Пастернак когда-то сказал, что самое важное для поэта — не стихи, которые он пишет, и уж никак не слава и признание, а творческое состояние. Считается, что он был страстно влюблен в первую жену, в Зинаиду Николаевну, и Ольгу Ивинскую, да он и сам так считал. Но главным для него была не любимая женщина, а состояние любви. Он был влюблен в себя влюбленного. Иначе и не могло быть у такого эгоцентрика, как Борис Леонидович, умудрившегося, в чем он сам позднее признавался, пройти мимо всей современной ему поэзии (кроме Маяковского, в котором с облегчением разочаровался), в упор не видевшего даже близких — и очень больших — людей. Страшновато читать его «слепую» переписку с двоюродной сестрой, умной, высокоталантливой Фрейденберг, — с полубезумной рассеянностью и упорством он приглашает умирающую от голода в Ленинграде блокадницу погостить у него в Переделкине. Ему все прощалось за талант и какое-то звериное изящество натуры, лишь Зинаида Николаевна, подобно другой великой жене, Софье Андреевне, мерила мужа житейской мерой и глубоко презирала.
Пастернак ворвался в квартиру, пахнущую смертью, как самум, как торнадо.
— Здравствуйте!.. Bce!.. Bce!.. Bce!.. Как Анечка?.. Лучше? — Он пропустил мимо ушей шепот Гербета, что хуже. — Должно быть лучше, когда такая весна! Что за дни стоят!.. Господь Бог послал такую погоду!..
— Боренька, что вы там шумите в коридоре? — Как странно было услышать почти прежний голос Анны Михайловны. — Идите сюда.
Пастернак сделал какое-то летучее движение и оказался в комнате больной, мы вкатились за ним следом, хотя нас не звали.

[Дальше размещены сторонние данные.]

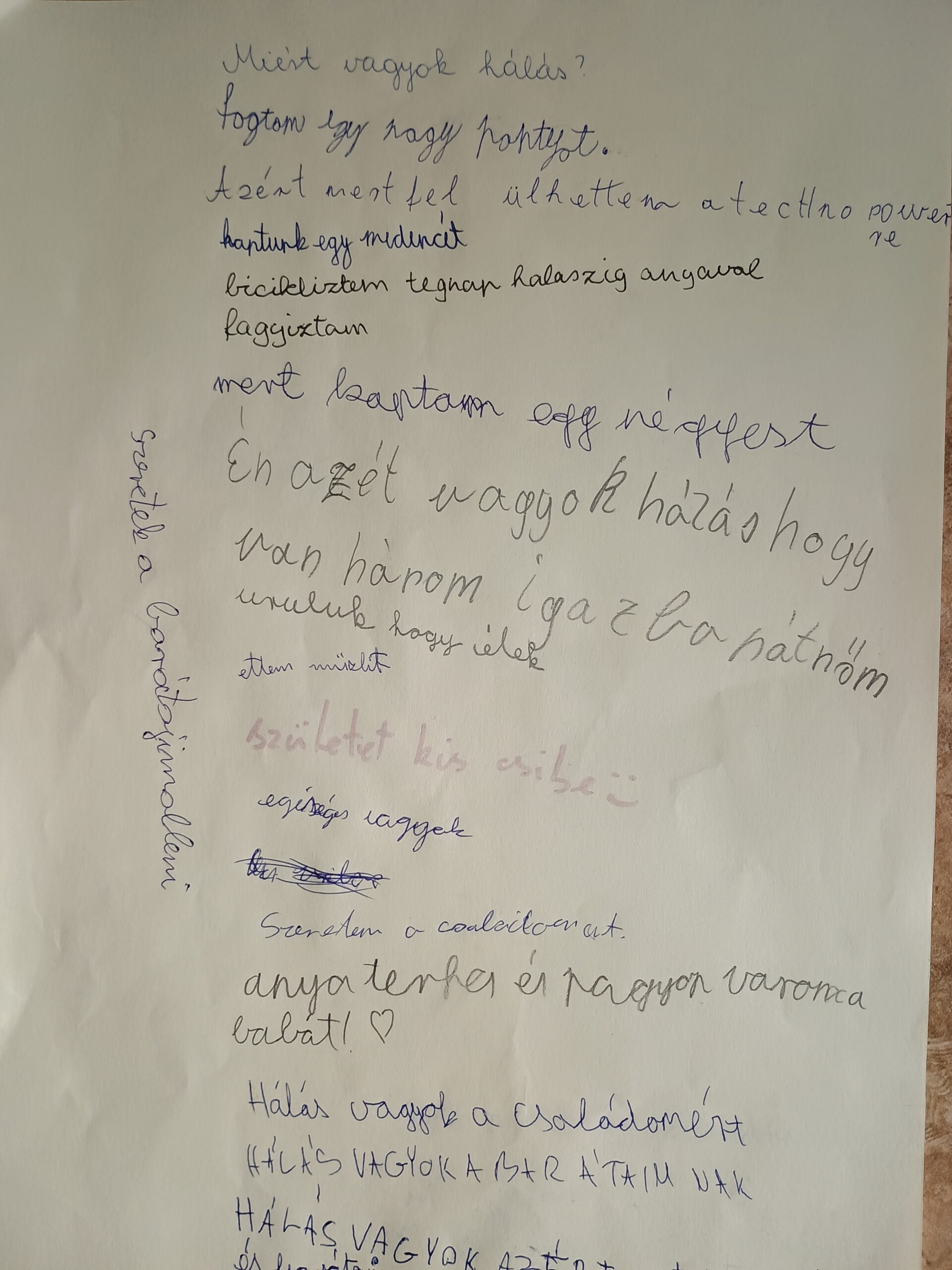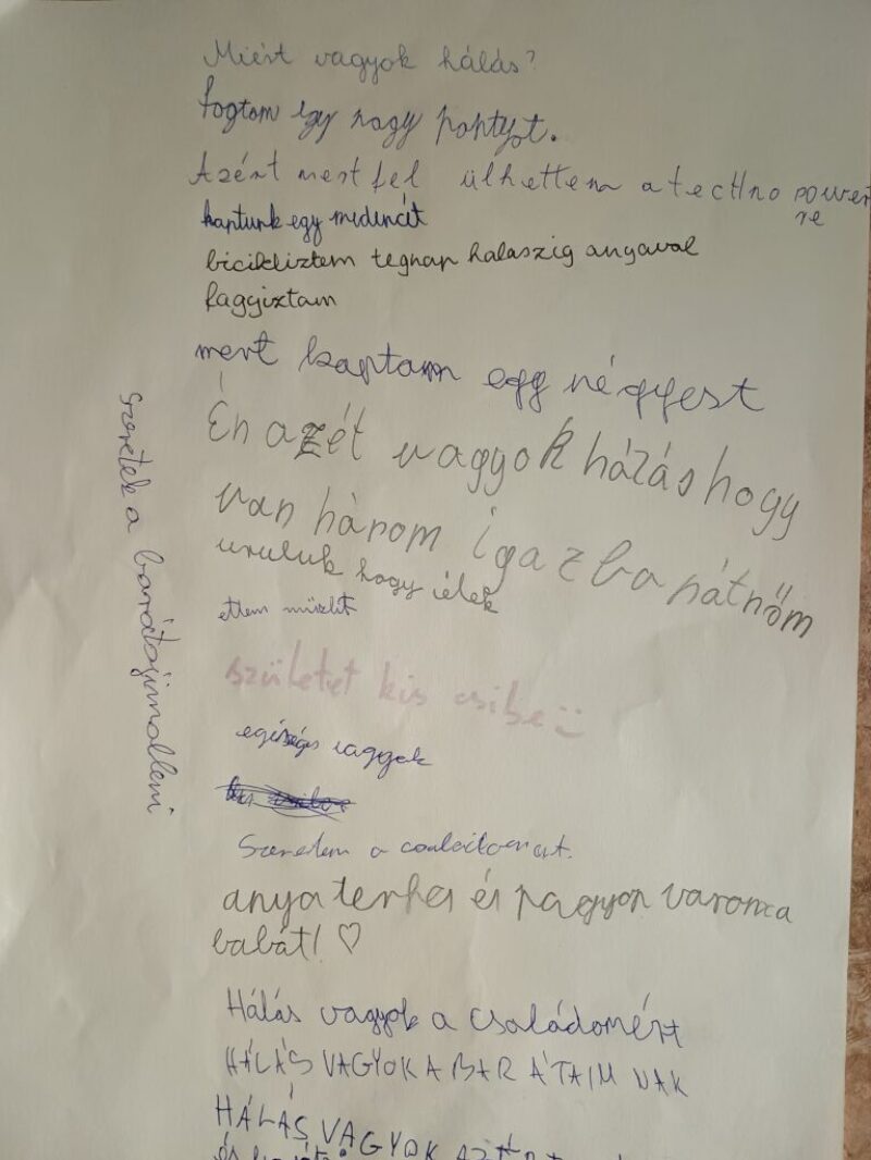 Ezután meghallgattuk a „Jól érzem magam” Bagdi Bella dalt. Végül arra kértem a gyerekeket, hogy válasszanak az óra elején leírt dolgok közül egyet, és egy színes lapra írják le mindannyian, hogy ők miért hálásak. Ezzel elkészítettük az osztály közös hála lapját.

Хорошенькая компания собралась у смертного ложа: один был от бабы, другой шел к бабе, у третьего раскаленный прут углом выпячивал ширинку, четвертая так и не сумела натянуть штаны. Чистой духовностью веяло лишь от умирающей. Мы же были вульгарно шумны и физиологичны. Но кто знает, быть может, больной был полезен этот грубый ток жизни, тогда мы не заслуживаем казни.
Борис Леонидович лучился энергией успеха: театры дерутся за его шекспировские переводы, стихи из романа печатаются в журналах, они у всех на устах, сам роман ждет блистательная будущность (так оно в конечном счете и оказалось), а ко всему еще — и важнее всего — эта великолепная, пьянящая погода! «Милый человек, — говорила Ахматова, прочтя революционные поэмы Бориса Леонидовича, — он думает, что пишет о революции, а пишет о погоде». А сейчас мне показалось, что, говоря о погоде, «милый человек» имел в виду свою любовь, во всяком случае, она включалась в опьянение погодой. Я думаю, что Анна Михайловна понимала это; не знаю, как относилась она к последней любви Бориса Леонидовича — в доме при мне об этом никогда не говорили, — но сейчас улыбчиво отзывалась на оленью трубу страсти. Она даже попросила Дашу поднять ей повыше подушки.